How to build the Linear Regression algorithm using LearningAPI?
The below solution demonstrates how to implement a Linear Regression algorithm for a model to predict House price using LearningAPI. To understand the implementation, you should initially understand the linear Regression concept.
Simple linear regression is a statistical method that allows us to summarize and study relationships between two continuous and quantitative variables. And in this one variable will be assigned for prediction based on the changes and variations in the other variables.
LearningApi Example Algorithm
Lets take a simple example to build a model to predict the HOUSE PRICE. For this, we have 3 phases of tasks to do.
- Loading data phase
- Training Phase
- Prediction Phase
Loading data phase :
Let’s consider 2 simple features (features are the inputs)
*Size* - Size of the house
*Room* - Number of rooms
and 1 label (the output feature is called label)
*Price* - Price of the house based on *room* feature
Each features is given with a index number defined in DataDescriptor as shown in the following line of code :
des.Features[0] = new Column { Id = 1, Name = "size", Index = 0, Type = ColumnType.NUMERIC, DefaultMissingValue = 0, Values = null };
des.Features[1] = new Column { Id = 2, Name = "rooms", Index = 1, Type = ColumnType.NUMERIC, DefaultMissingValue = 0, Values = null };
des.Features[2] = new Column { Id = 3, Name = "price", Index = 2, Type = ColumnType.NUMERIC, DefaultMissingValue = 0, Values = null };
Now we should train the model with the above 2 features and a label by giving a real data (shown below) in csv file, we have taken the pre processed data :
Ex. Size data is taken as 1 instead of 10 sq.m. Room data is taken as it is. Price data is taken as 6 instead of 600 euros.
Size | Room | Price |
---|---|---|
1 | 1 | 6 |
1 | 2 | 8 |
2 | 1 | 9 |
2 | 2 | 11 |
3 | 1 | 12 |
3 | 2 | 14 |
4 | 1 | 15 |
4 | 2 | 17 |
5 | 1 | 18 |
5 | 2 | 20 |
The model uses CsvDataProvider to read the csv file as shown in the following interface :
api.UseCsvDataProvider(trainDataPath, ',', false);
The module can be configured by using a DataDescriptor class. This class describes the columns (features and the label). Label index is the index number of feature based on which the prediction should be made.

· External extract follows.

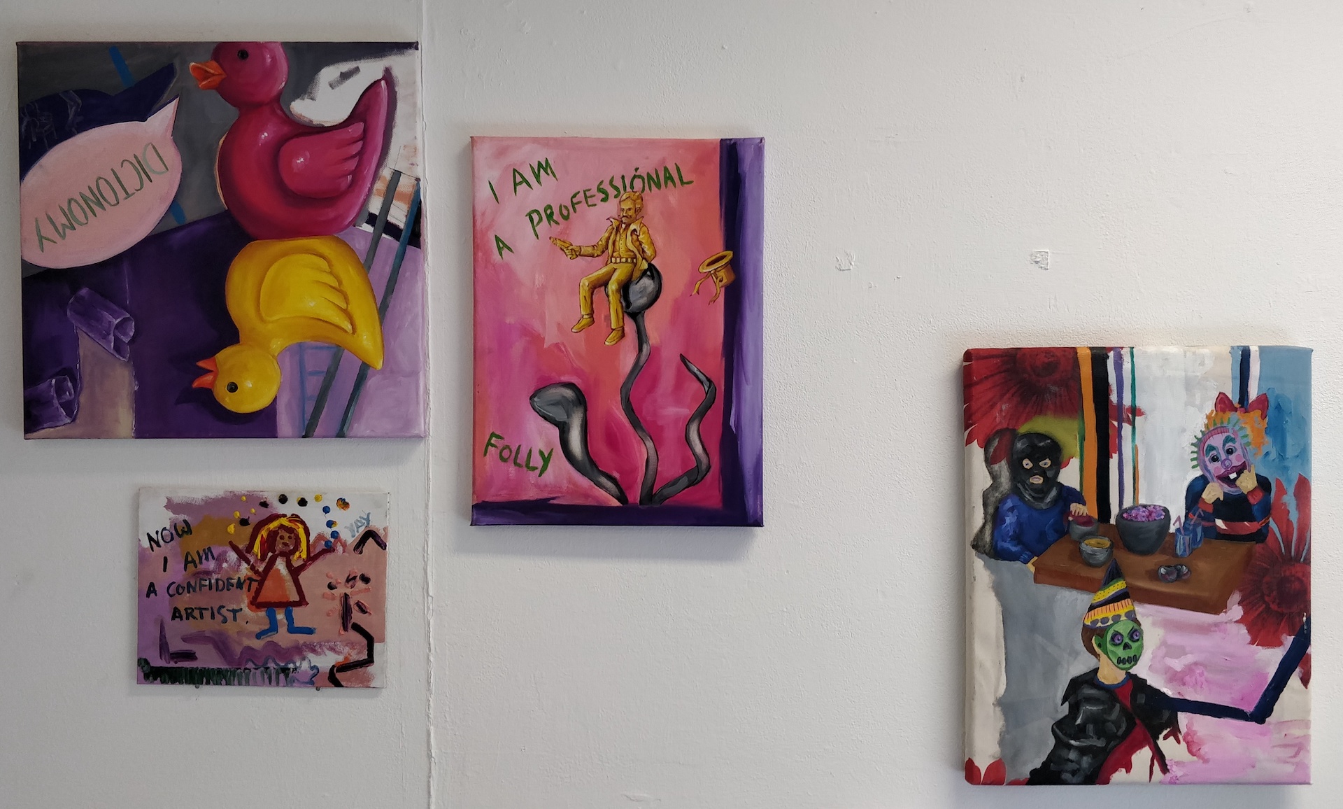 The body of painting work is an introspective and idiosyncratic commentary of the contemporary world. It unveils ironic humour in the societal expectations imposed on women and the oxymorons that surround our everyday lives.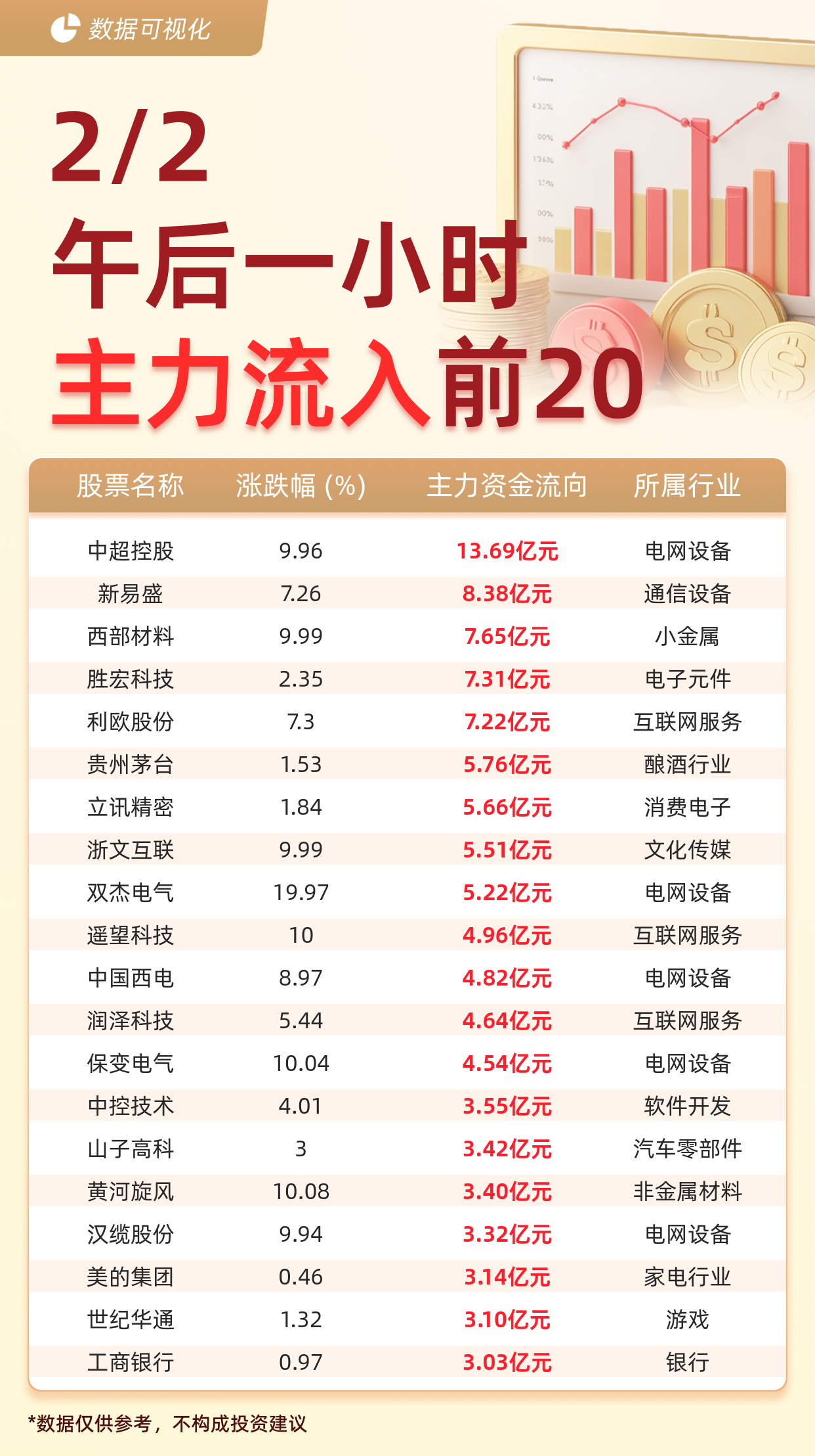 主力资金流入概况 - 截至2月2日午后一小时,主力资金流入前20的股票名单及金额公布,其中中超控股以13.69亿元居首,新易盛、西部材料、胜宏科技、利欧股份紧随其后,流入金额分别为8.38亿元、7.65亿元、7.31亿元、7.22亿元 [1] 电网设备行业 - 中超控股主力资金流入13.69亿元,股价上涨9.96% [2] - 双杰电气主力资金流入5.22亿元,股价大幅上涨19.97% [2] - 中国西电主力资金流入4.82亿元,股价上涨8.97% [2] - 保变电气主力资金流入4.54亿元,股价上涨10.04% [3] - 汉缆股份主力资金流入3.32亿元,股价上涨9.94% [3] 通信设备行业 - 新易盛主力资金流入8.38亿元,股价上涨7.26% [2] 小金属行业 - 西部材料主力资金流入7.65亿元,股价涨停,上涨9.99% [2] 电子元件行业 - 胜宏科技主力资金流入7.31亿元,股价上涨2.35% [2] 互联网服务行业 - 利欧股份主力资金流入7.22亿元,股价上涨7.3% [2] - 遥望科技主力资金流入4.96亿元,股价涨停,上涨10% [2] - 润泽科技主力资金流入4.64亿元,股价上涨5.44% [3] 酿酒行业 - 贵州茅台主力资金流入5.76亿元,股价上涨1.53% [2] 消费电子行业 - 立讯精密主力资金流入5.66亿元,股价上涨1.84% [2] 文化传媒行业 - 浙文互联主力资金流入5.51亿元,股价涨停,上涨9.99% [2] 软件开发行业 - 中控技术主力资金流入3.55亿元,股价上涨4.01% [3] 汽车零部件行业 - 山子高科主力资金流入3.42亿元,股价上涨3% [3] 非金属材料行业 - 黄河旋风主力资金流入3.40亿元,股价上涨10.08% [3] 家电行业 - 美的集团主力资金流入3.14亿元,股价上涨0.46% [3] 游戏行业 - 世纪华通主力资金流入3.10亿元,股价上涨1.32% [3] 银行行业 - 工商银行主力资金流入3.03亿元,股价上涨0.97% [3]

The following is the code snippet for the data descriptor :
private DataDescriptor LoadMetaData()
{
var des = new DataDescriptor();
des.Features = new Column[3];
des.LabelIndex = 2;
return des;
}
Training phase : The model reads the data from csv file and based on the data given, after training the model, the model should be able to predict the result y.
The linear regression representation for the above situation corresponds to the following equation which is in the form of linear equation
y = (w1 * x1) + (w2 * x2) + b ,
PRICE = (3 * SIZE) + (2 * ROOM) + 1
where
y is the predicted price of the house
x1 is the Size of house
x2 is number of rooms in the house
w1 or 3 is the weight (w1) for feature PRICE
w2 or 2 is the weight (w2) for feature ROOM
b or 1 is the bias
Here w and b are weight and bias - To understand this, imagine, suppose the model has to predict the price of house , so it will start guessing the values of w and b , based on these values , it predicts the price (y), we compare this predicted price with the original data value and give the error. Error is found for each data set in the csv file.

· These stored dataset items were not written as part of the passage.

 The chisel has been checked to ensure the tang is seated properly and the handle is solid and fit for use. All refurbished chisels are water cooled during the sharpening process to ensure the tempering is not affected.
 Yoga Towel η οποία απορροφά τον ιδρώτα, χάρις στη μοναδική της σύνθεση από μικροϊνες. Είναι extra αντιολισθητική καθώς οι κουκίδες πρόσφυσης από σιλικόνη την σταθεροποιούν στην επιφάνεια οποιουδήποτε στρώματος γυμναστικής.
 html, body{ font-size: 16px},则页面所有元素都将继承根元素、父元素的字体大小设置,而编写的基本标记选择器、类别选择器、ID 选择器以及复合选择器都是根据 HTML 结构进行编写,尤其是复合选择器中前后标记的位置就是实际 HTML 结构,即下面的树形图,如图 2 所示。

we use Mean Square Error concept to find out the error differences and help the model to finalise the least error value to be more accurate for the prediction. For each data set MSE is calculated.
Initially let’s initialise the weight and bias (let this be w1=0 , w2=0 and b=0). This w and b are used for calculating the prices across all the data of size given :
1st data : w1=0 , w2=0 and b=1, size 10sq.m
substitute these values in formula -- y = (w1 * x1) + (w2 * x2) + b
y1^ = (0*1) + (0*1) + 1 = 1
Square Error -- SE1 = (actual price for size 1 - predicted price for size 1)^2
SE1 = (6 - 1)^2 = 5^2 = 25
2nd data : w=2 and b=1, size 20
substitute these values in formula -- y = (w1 * x1) + (w2 * x2) + b
y1^ = (0*1) + (0*2) + 1 = 1
Square Error -- SE2 = (actual price for size 1 - predicted price for size 1)^2
SE2 = (8 - 1)^2 = 7^2 = 49
The above calculation occurs for all the values of size and room data sets with the initialised w and b values.

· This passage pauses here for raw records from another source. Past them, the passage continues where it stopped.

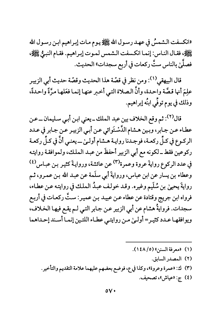 «انكسفت الشمسُ في عهد رسول الله - صلى الله عليه وسلم - يوم مات إبراهيم ابن رسول الله - صلى الله عليه وسلم -، فقال الناس: إنما انكسفت الشمس لموت إبراهيم. فقام النبيُّ - صلى الله عليه وسلم -، فصلَّى بالناس ستَّ ركعات في أربع سجدات» الحديث.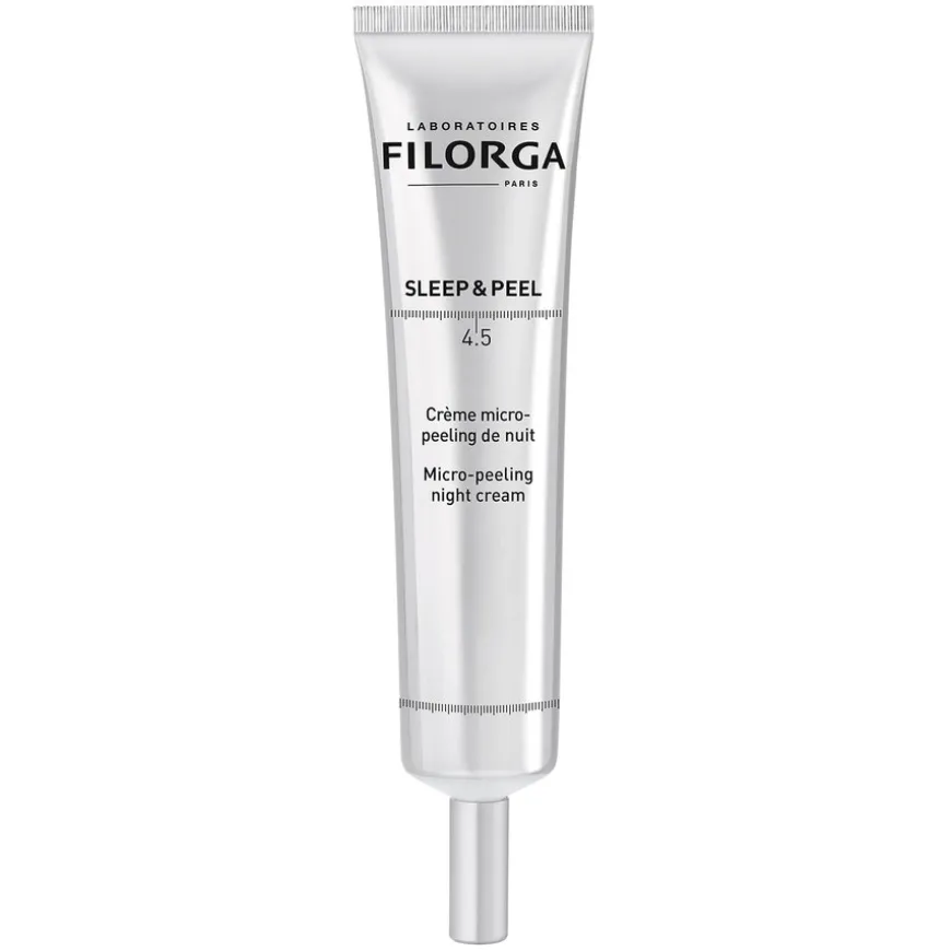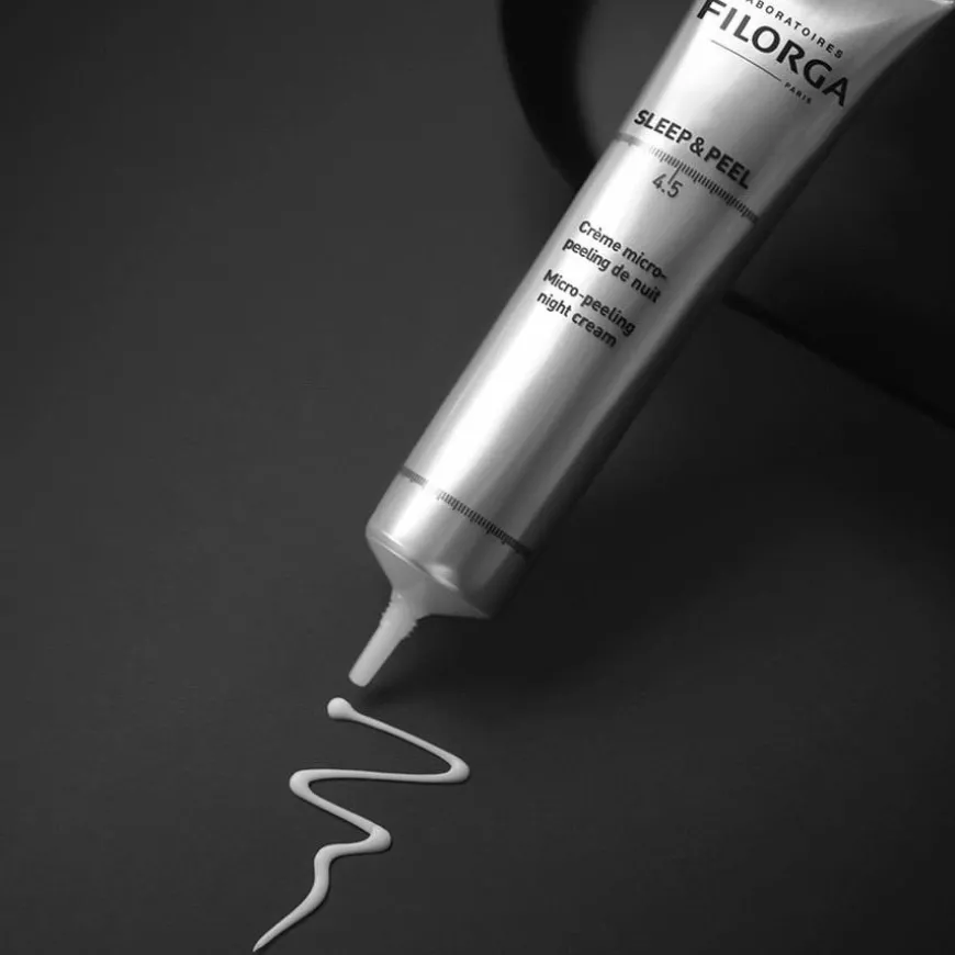 Sleep & Peel 4.5 er en micro-peeling nattkrem inspirert av profesjonelle peelinger, som gir en skånsom overflatebehandling.Denne eksfolierende nattkremen gir synlig resultat allerede etter første morgen! Våkne opp med glattere hud, mindre porer og en fantastisk glød. Med et hydroksysyrekompleks (AHA/BHA) med 4,5% konsentrasjon, og et beroligende ekstrakt av brunalge passer den også sensitiv hud.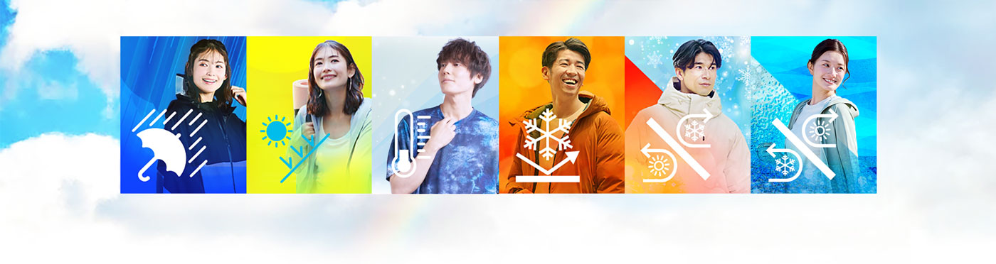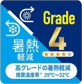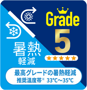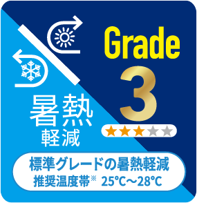 ※適応暑熱対策衣料は、猛暑環境に効果的ですが、それだけで熱中症を予防できるわけではありません。推奨温度帯は衣料の機能性、仕様などを総合的に判断した温度帯です。推奨温度帯で快適に過ごせることを保証するものではありません。

Mean square error calculation (MSE1)–
= (SE1+SE2+....)/ (Total number of data)
= (25 + 49 +....)/10
MSE1 = x
The following code snippet shows the calculating logic in the program :
for (int trainDataIndex = 0; trainDataIndex < numTrainData; trainDataIndex++)
{
estimatedOutputLabels[trainDataIndex] = ComputeOutput(inputFeatures[trainDataIndex], weights, bias);
squareErrors[trainDataIndex] = ComputeSquareError(actualOutputLabels[trainDataIndex], estimatedOutputLabels[trainDataIndex]);
}
double meanSquareError = squareErrors.Sum() / numTrainData;
loss[epoch] = meanSquareError;
Likewise this will continue with other weights and biases which are assumed as explained below.
After calculating the MSE , we should minimize this error or loss by Gradient Descent method.
W and b values updation
New weights and biases will be calculated by
- finding the least w and b values by Gradient Descent concept
- We calculate partial derivative of loss with respect to w (dw) and partial derivative of loss with respect to b (db)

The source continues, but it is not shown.